Non-caseating granuloma in a hilar lymph node in a patient with sarcoidosis (restrictive lung disease)
Note the multinucleated giant cells and the pink staining epithelioid cells representing activated macrophages.
Pink puffer (left) and blue bloater (right): obstructive lung disease
Pink puffers predominantly have emphysema, which involves the respiratory unit, while blue bloaters have chronic bronchitis, which primarily obstructs the more proximal terminal bronchioles, hence the greater trapping of CO2 leading to respiratory acidosis, hypoxemia, and cyanosis (note facial discoloration).
Schematic of centrilobular emphysema (obstructive lung disease)
The respiratory bronchiole is the primary site of destruction in this type of emphysema. It is most commonly due to smoking and less commonly to CWP. The upper lobes are primarily involved.
Schematic of panacinar emphysema (obstructive lung disease)
The entire respiratory unit is destroyed in this type of emphysema, which is due to a deficiency of AAT. It may be acquired in smokers and inherited as an AR disease. The lower lobes are primarily involved.
Serum protein electrophoresis in a patient with hereditary AAT deficiency (obstructive lung disease)
The top SPE pattern labeled C is normal. Compare this to the lower SPE labeled P. Note that the a1 globulin component is missing. This is due to lack of liver synthesis of the protein.
Bronchiectasis (obstructive lung disease)
Note the dilated, pus-filled bronchi extending to the pleural surface of the lung. Obstruction and infection weaken the bronchi causing them to dilate. Cystic fibrosis is the MCC in this country and TB in other countries.
Main-stem bronchus cancer associated with bronchiectasis (obstructive lung disease)
At the top of the slide there is a white colored mass that has completely obstructed the main-stem bronchus. Behind the obstruction dilated, pus filled bronchi extend to the pleural surface.
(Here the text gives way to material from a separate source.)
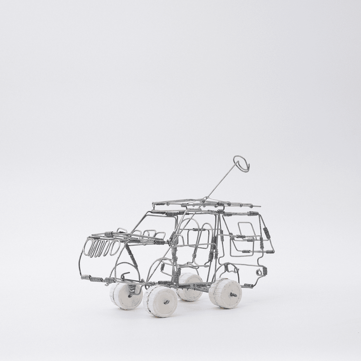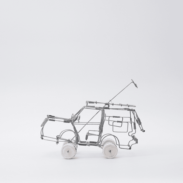 Created by Marius, this handcrafted SUV wire car reflects the reliable all-rounders seen on local farms and streets of Philipstown. Bringing small-town spirit to any shelf or display.

Patient with bronchial asthma (obstructive lung disease)
Note the increased anteroposterior diameter in the patient. This is due to air trapping behind the inflamed terminal bronchioles.
Sputum with Charcot-Leyden crystals in a patient with bronchial asthma (obstructive lung disease)
Note the spear-head shaped crystals representing crystalline material derived from degenerated eosinophils.
Chest x-rays: left x-ray with a primary peripheral adenocarcinoma, right x-ray with primary centrally located cancer
Adenocarcinoma has replaced squamous cancer as the MC primary cancer. They are usually (not always) peripherally located. There are different variants of adenocarcinoma, some of which have no smoking relationship. Centrally located cancers include squamous cancer and small cell cancer.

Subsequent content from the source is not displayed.